Collected data entries
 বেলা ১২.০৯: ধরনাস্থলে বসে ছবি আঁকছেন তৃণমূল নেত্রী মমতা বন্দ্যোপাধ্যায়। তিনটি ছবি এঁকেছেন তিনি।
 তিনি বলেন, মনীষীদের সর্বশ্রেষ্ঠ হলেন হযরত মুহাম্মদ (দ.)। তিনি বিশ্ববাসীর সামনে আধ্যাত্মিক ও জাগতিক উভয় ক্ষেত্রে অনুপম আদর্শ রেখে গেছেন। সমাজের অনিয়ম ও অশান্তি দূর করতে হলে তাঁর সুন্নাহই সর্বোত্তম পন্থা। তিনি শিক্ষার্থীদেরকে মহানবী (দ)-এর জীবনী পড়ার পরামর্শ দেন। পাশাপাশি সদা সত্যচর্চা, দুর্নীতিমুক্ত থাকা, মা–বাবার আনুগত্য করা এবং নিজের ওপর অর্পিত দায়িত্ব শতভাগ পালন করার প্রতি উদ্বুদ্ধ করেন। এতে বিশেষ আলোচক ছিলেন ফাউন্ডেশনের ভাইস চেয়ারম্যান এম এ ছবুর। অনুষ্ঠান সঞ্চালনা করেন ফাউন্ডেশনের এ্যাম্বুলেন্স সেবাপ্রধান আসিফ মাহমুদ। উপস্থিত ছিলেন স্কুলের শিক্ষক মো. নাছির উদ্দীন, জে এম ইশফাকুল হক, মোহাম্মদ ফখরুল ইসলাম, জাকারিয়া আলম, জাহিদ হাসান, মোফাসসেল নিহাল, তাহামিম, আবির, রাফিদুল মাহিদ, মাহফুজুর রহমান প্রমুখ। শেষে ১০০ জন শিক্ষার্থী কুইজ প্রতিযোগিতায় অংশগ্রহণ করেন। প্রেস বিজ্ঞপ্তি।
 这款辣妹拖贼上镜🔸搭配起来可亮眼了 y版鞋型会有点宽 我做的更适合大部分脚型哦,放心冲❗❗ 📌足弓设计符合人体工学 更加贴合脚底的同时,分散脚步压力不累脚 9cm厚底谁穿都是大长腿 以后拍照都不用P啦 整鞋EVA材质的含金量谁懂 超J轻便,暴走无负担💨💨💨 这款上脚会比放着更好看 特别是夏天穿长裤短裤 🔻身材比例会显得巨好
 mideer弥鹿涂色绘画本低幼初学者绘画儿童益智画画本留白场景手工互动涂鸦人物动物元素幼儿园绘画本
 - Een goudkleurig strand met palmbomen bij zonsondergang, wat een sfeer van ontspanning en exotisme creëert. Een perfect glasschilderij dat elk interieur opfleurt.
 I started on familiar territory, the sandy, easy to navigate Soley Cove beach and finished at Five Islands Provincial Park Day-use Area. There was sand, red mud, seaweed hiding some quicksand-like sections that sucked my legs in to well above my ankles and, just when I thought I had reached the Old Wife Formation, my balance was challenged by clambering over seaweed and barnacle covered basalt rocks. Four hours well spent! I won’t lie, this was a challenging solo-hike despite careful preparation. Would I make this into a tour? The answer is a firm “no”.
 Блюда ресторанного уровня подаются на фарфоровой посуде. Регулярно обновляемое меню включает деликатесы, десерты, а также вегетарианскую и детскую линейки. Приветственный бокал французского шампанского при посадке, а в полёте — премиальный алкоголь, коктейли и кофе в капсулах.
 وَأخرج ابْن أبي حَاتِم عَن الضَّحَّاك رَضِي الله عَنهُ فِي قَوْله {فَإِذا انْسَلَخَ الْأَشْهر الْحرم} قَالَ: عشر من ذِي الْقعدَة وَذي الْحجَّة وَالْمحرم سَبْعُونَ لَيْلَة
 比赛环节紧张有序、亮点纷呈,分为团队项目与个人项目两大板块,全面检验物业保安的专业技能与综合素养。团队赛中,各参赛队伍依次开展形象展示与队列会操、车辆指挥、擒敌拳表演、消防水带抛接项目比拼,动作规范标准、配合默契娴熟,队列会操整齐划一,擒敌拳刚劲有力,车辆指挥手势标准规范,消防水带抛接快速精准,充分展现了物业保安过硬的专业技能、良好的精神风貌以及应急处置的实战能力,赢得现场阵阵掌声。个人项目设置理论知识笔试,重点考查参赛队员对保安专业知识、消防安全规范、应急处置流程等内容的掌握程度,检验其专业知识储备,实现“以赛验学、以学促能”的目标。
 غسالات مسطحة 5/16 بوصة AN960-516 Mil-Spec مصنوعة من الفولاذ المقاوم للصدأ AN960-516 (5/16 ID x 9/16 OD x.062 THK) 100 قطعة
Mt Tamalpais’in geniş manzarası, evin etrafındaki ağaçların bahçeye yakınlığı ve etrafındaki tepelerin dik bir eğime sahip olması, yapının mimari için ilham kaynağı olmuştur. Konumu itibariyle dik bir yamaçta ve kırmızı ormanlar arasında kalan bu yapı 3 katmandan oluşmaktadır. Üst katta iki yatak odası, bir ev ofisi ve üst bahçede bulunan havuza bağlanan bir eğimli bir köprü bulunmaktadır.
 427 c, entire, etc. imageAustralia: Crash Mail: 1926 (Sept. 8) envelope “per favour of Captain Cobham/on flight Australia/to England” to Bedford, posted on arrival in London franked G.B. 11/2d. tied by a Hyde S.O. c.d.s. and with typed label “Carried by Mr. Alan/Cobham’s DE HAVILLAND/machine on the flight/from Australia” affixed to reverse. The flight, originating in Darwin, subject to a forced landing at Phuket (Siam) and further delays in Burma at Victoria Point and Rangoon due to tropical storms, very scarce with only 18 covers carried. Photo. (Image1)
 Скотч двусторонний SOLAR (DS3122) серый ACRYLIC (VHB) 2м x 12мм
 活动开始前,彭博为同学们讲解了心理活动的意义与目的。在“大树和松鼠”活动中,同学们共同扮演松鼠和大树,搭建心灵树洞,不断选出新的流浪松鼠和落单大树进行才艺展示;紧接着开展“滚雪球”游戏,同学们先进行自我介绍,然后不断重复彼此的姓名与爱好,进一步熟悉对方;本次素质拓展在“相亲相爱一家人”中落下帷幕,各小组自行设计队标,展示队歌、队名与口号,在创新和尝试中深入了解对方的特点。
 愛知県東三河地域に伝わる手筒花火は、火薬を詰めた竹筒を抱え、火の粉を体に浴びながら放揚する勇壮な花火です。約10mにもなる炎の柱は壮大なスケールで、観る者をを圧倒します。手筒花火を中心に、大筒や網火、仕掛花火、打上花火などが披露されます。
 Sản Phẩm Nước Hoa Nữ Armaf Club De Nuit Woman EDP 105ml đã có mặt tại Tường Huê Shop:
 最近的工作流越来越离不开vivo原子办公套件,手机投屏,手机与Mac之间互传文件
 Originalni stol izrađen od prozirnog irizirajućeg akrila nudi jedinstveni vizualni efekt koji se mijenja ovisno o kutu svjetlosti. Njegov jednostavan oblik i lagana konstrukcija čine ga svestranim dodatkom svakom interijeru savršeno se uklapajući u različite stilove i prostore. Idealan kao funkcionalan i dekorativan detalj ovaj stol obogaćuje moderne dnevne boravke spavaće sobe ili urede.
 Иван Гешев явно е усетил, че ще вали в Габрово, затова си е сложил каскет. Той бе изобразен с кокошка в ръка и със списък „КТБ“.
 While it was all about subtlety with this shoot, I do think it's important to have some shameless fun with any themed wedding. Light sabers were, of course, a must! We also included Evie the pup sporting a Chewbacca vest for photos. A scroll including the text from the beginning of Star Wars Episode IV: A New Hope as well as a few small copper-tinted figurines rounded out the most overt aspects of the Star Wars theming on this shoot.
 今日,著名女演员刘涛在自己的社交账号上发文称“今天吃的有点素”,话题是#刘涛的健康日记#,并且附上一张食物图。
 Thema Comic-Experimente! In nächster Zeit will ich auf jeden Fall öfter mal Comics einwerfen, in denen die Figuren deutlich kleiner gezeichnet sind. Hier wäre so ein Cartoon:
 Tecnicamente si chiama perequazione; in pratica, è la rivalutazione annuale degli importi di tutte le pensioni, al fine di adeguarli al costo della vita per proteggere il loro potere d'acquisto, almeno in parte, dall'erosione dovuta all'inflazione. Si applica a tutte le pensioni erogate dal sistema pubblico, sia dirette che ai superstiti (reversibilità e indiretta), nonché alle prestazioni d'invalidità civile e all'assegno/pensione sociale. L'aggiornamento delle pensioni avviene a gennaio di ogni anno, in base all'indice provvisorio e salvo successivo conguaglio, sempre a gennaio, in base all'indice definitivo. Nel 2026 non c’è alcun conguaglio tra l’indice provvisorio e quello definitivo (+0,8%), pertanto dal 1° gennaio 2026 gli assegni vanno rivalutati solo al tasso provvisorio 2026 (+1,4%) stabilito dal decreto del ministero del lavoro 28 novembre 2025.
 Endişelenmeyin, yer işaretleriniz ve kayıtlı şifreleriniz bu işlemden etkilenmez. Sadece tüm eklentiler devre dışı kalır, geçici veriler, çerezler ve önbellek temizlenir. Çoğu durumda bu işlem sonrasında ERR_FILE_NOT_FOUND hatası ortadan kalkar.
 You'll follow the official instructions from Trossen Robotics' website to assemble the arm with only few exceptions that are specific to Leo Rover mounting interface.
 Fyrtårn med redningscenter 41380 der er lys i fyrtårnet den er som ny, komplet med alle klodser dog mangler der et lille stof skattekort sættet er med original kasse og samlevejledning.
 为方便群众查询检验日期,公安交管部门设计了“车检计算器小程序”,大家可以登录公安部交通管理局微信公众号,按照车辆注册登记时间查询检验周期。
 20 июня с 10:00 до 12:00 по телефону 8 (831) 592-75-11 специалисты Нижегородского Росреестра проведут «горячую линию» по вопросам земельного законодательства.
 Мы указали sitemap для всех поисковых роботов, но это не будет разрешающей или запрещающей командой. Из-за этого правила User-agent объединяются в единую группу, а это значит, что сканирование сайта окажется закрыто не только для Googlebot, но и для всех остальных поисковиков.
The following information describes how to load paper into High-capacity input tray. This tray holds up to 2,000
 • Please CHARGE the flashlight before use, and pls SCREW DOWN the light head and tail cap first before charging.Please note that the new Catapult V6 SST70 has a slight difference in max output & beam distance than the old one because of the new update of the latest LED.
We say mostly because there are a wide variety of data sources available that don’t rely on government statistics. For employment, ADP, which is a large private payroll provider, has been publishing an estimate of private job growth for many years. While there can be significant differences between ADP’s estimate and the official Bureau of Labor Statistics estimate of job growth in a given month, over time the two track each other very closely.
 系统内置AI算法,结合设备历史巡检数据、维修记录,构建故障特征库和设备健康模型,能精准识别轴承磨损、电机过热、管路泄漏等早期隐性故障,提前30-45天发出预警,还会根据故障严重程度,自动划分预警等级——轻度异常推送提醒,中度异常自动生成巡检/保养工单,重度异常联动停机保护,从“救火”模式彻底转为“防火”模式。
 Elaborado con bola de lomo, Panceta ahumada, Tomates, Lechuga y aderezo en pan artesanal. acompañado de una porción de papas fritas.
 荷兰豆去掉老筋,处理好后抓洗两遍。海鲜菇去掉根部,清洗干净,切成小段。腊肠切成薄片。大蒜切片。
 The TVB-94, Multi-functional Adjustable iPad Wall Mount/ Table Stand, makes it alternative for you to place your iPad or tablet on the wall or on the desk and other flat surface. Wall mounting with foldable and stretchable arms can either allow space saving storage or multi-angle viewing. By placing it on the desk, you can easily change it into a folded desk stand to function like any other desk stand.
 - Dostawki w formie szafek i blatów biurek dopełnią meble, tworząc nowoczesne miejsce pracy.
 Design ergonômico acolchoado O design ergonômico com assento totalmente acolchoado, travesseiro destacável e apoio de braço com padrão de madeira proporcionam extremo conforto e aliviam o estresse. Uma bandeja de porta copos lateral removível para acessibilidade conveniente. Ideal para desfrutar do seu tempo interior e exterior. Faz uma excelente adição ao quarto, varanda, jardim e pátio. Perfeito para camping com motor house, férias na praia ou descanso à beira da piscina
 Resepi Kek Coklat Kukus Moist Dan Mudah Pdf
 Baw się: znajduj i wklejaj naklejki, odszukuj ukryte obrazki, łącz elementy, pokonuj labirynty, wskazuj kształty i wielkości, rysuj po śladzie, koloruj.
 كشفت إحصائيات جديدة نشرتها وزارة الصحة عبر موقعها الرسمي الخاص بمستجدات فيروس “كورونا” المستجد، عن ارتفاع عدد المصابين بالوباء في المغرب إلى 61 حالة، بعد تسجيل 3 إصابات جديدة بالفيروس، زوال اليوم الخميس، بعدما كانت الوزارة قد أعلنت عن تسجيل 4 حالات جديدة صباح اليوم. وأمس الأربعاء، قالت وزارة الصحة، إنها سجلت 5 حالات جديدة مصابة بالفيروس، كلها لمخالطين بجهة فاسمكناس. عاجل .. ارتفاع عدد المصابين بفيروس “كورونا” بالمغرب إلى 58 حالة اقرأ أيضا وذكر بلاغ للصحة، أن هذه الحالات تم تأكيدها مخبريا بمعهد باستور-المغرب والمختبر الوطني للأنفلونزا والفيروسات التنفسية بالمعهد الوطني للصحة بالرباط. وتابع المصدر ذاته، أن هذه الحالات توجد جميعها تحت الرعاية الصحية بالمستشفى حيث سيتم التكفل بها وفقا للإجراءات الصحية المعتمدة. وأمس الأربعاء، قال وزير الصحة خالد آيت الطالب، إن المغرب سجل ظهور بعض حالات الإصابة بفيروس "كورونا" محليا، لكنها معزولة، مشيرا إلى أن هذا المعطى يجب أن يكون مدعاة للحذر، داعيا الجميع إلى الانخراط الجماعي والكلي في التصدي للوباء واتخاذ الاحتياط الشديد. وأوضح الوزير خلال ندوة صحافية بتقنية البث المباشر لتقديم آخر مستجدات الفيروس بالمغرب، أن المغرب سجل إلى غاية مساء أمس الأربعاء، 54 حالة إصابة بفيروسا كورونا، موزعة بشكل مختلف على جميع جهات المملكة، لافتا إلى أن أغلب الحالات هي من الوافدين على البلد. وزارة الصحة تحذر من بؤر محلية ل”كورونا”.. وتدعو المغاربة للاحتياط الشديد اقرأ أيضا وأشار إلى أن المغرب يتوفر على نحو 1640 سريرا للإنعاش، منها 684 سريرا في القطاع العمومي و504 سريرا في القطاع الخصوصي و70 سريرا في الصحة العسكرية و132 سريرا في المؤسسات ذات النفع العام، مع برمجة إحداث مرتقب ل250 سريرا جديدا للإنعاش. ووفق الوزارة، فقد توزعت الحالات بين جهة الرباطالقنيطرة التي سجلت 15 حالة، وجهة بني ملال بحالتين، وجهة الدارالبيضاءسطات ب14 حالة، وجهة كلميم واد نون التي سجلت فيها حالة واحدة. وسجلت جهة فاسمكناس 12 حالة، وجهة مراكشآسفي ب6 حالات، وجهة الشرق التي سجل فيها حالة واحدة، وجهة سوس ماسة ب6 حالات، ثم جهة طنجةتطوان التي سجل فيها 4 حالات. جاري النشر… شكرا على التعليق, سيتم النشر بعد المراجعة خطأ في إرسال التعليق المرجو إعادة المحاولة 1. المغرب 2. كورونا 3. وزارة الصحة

### Task objective
Give back exactly the lines above, from the line containing "Мы указали sitemap" through the line containing "The following information", with both end lines and nothing more.

### Response for this exercise
 Мы указали sitemap для всех поисковых роботов, но это не будет разрешающей или запрещающей командой. Из-за этого правила User-agent объединяются в единую группу, а это значит, что сканирование сайта окажется закрыто не только для Googlebot, но и для всех остальных поисковиков.
The following information describes how to load paper into High-capacity input tray. This tray holds up to 2,000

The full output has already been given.